Pearl gushes when she talks of her home at Mallard Cove, the care she receives and the friends she’s made. She’s taking a creative writing class, and she’s got a few poems in her pocket. And, again, she’s in charge.

Today, she needs to go downstairs to have some pictures taken. Deborah, her daughter, suggests maybe a wheelchair would be best. “I want to walk,” Pearl says. And so, they walk.

In Raleigh, life went on after Pearl was sentenced to wait and read in the morgue. Desegregation happened. The Olivia Raney library was torn down.

But Pearl was gone to Cincinnati by then, and she never did get her library card. That always bothered her some.

At Mallard Cove, she sleeps in a medical recliner, always facing east. She watches the sunrise each morning, and she says the same prayer out loud: “Good morning. What’s the miracle going to be today?”

One day, the miracle is simply having strength to tell her story. Pearl isn’t feeling well in the morning, but by afternoon, she’s better.
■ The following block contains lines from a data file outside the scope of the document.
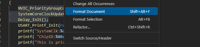 在代码编辑窗口右键菜单点击Format Document可通篇格式化,选中部分代码,右键菜单点击Format Seletion可对选中部分代码格式化。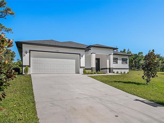 A Modern Oasis in Deltona, Brand new Home 3 Beds | 2 Baths | 1,600 SqFt Living | 2,272 SqFt Total | No HOA or CDD Step into elevated living with this brand-new, modern one-story masterpiece designed with exceptional style, comfort, and forward-thinking functionality in mind. Key Features That Set This Home Apart: - 9'4" bearing walls – offering soaring ceilings and a true sense of openness --fiberglass front door – energy-efficient with zero heat transfer and high-end curb appeal -Vinyl double-pane Low-E windows – energy-saving, noise-reducing, and UV-protective. 3 spacious bedrooms & 2 luxurious bathrooms - Gourmet kitchen with quartz countertops, large center island & stainless steel appliances - Soft-close cabinets & bold modern black accents - Elegant porcelain tile flooring throughout - Private lanai with access from both the master suite and kitchen – the perfect indoor-outdoor retreat - Recessed lighting, ceiling fans, and a spacious 2-car garage with opener - Built with private septic – save significantly on utilities - NO HOA / NO CDD fees – enjoy full ownership freedom! Located just minutes from I-4 and only 35 miles from Downtown Orlando, this home offers peaceful suburban living with quick access to the excitement of the city. Ready to tour this outstanding home. Contact me today—this opportunity won’t last long! Ask for our list of new constructions homes.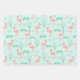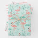 Pink flamingo images are the feature on two of the sheets in this trio of all occasion wrapping paper sheets. Along with the flamingos are teal leaves and lily pads. One paper has a light teal background, and one has a light pink background. The third paper has matching pink and white stripes. Pretty for any occasion!
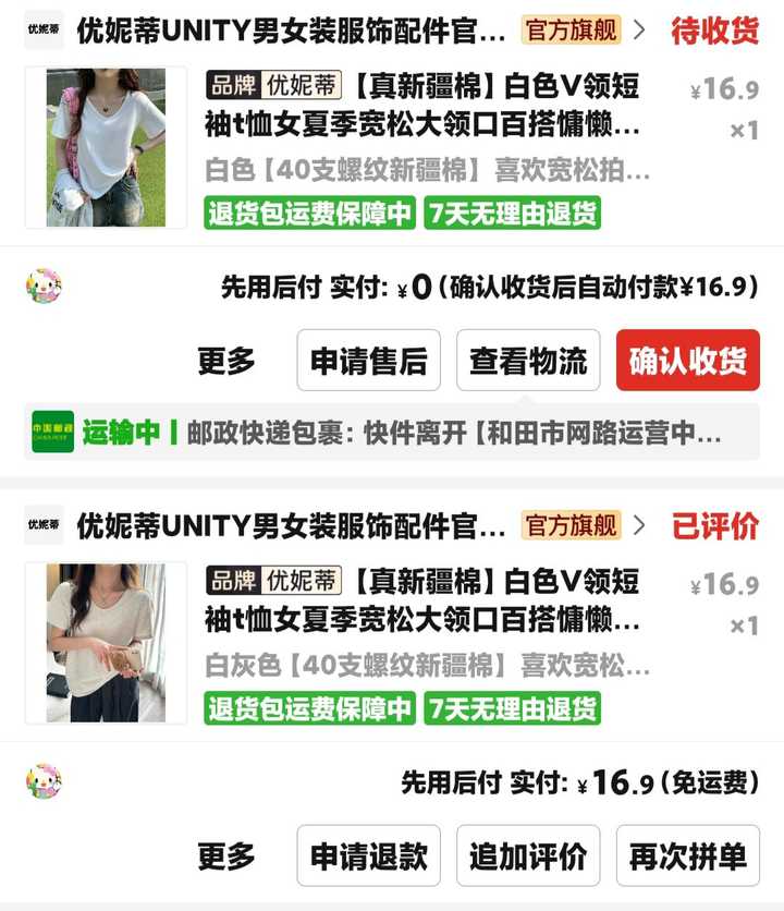 这个短袖真的是从新疆发货的,才10几块,质量超好!我觉得比我买的79的短袖穿着都舒服~忍不住要回购~ |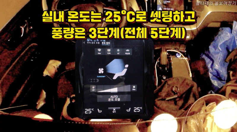 매너타임이 되기전에 엔진시동으로 히터를 바짝 가동했습니다. 25도로 맞춘 후 풍량은 3칸으로 맞추었습니다. 차안이 훈훈하게 될 무렵 시동을 끄고 테일게이트 문을 열고 들어갔습니다.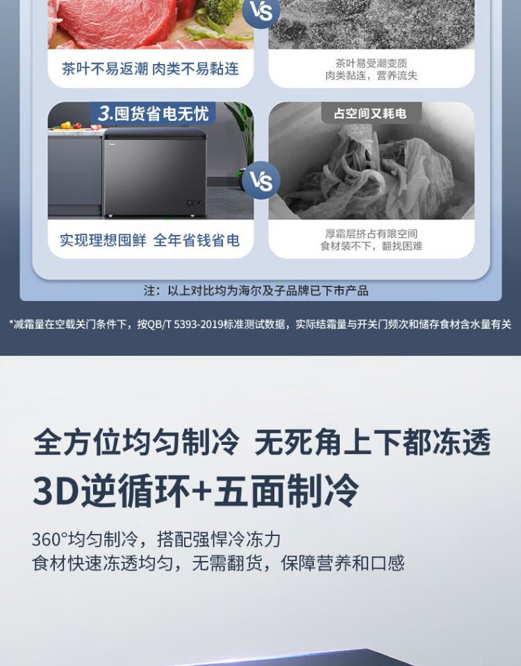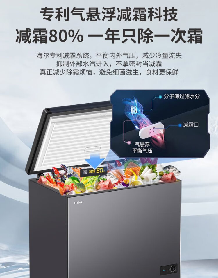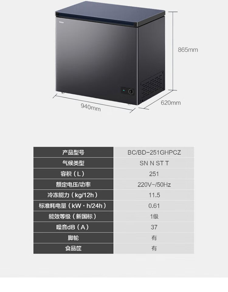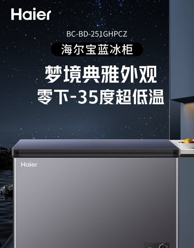 海尔(Haier)宝蓝251升单温冰柜家用小型-35度超低温大容量无需频繁除霜300升以下冷冻柜BC/BD-251GHPCZ补贴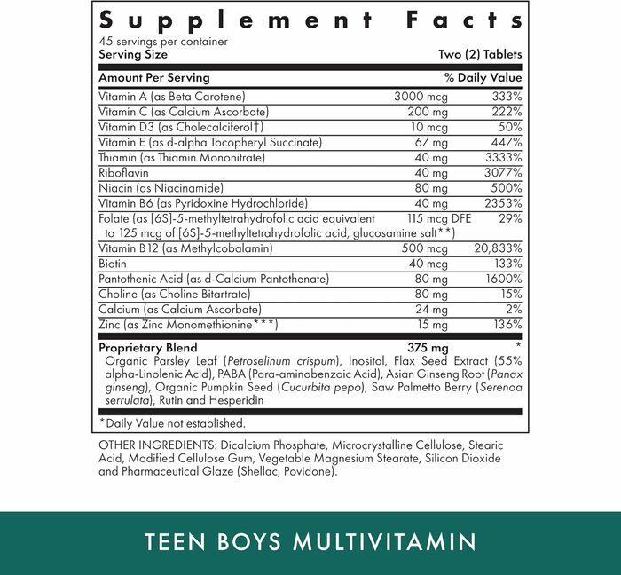 Ежедневная формула из трав и витаминов для мальчиков-подростков. Содержит травы, которые традиционно использовались мужчинами для поддержания здоровья. Идеально для физически активного подростка. Содержит Opti-Zinc® с холином, инозитолом и ниацином.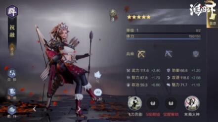祝融在游戏中的定位为输出,作为五星武将的她,满级后在武力值和攻速值上已经超过了连击流常用的徐晃、张辽,比起吕布等以武力为代表的角色也不逞多让,是当之无愧的女武神。智力方面更是超过了大批武力优秀的武将,堪称有勇有谋。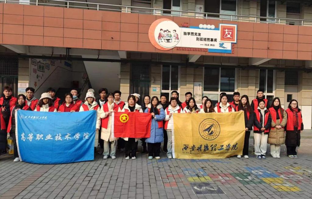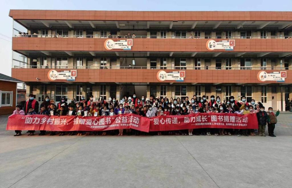 12月27日下午,校团委副书记刘雄,高等职业技术学院党总支副书记王飞、团委书记郭庆、团委副书记窦旸、辅导员代表刘洁、学校宣传大使王东兴、青年志愿者等30余人一起前往西安市长安区滦镇西留堡村小学捐赠爱心书籍。
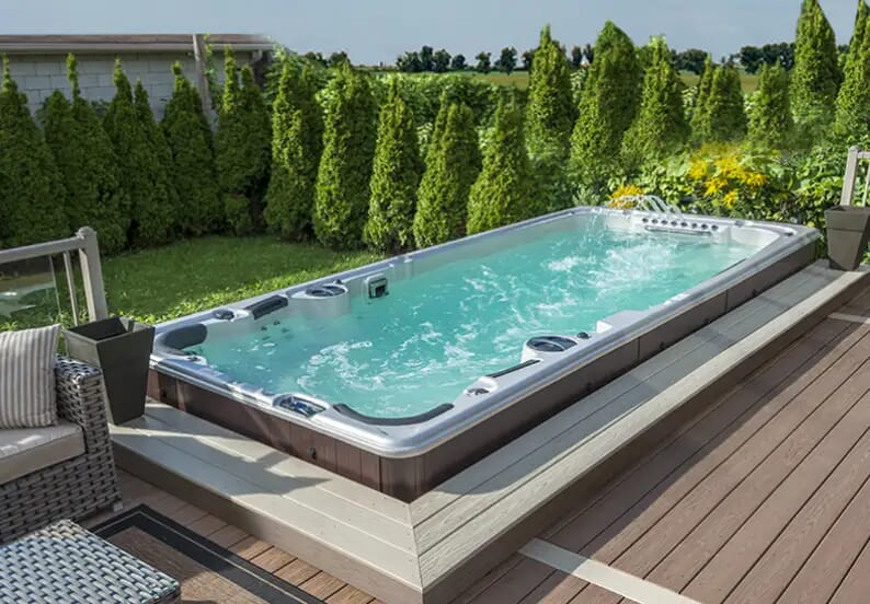 The AquaPlay Swim Spa is the perfect mini pool for family fun. This interactive swim spa has a generous streamlined swim tank area with plenty of seating. You can swim stationary laps for a full-body workout, then relax in the contoured seating and enjoy a massage with the built-in hydrotherapy while the rest of the family stays active. The swim tank floor has an anti-slip grip that allows a variety of fitness routines including jogging in place, BoxFit, or aquatic cross training for a great cardiovascular workout. The AquaPlay Swim Spa comes with a maintenance-free grey Dura finish, and the premium quality cabinetry is embossed with a realistic wood finish.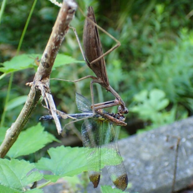 ノシメトンボを捕える。

Sometimes, miracles are small like that, she says.

And a bigger miracle?

Pearl, her daughter and granddaughter took a trip in early July back to Raleigh. Pearl is not as lithe as she once was, so she picked five places to visit: the cemetery where her ancestors are buried; the school where she studied and later taught; her childhood home; a park; and then, the library.

This is the house in which Pearl was raised in Raleigh, North Carolina. It still stands today.
Pearl Thompson gets a library card in Raleigh, North Carolina, 73 years after being denied a card because she was black.

This time, when Pearl walks through the door at the Cameron Village Regional Library, she slowly makes her way to the front counter with a walker, and she cries. It is the first time she can remember not being in control of herself.

“You shoulda seen me in Raleigh,” she says. “I was bawling like you don’t know what.”

Pearl gives a short speech, sharing her story and passion for every child learning to read. Then, barely audible through choking sobs, she asks for her miracle.

“So,” she says, “I’ll take my card now.”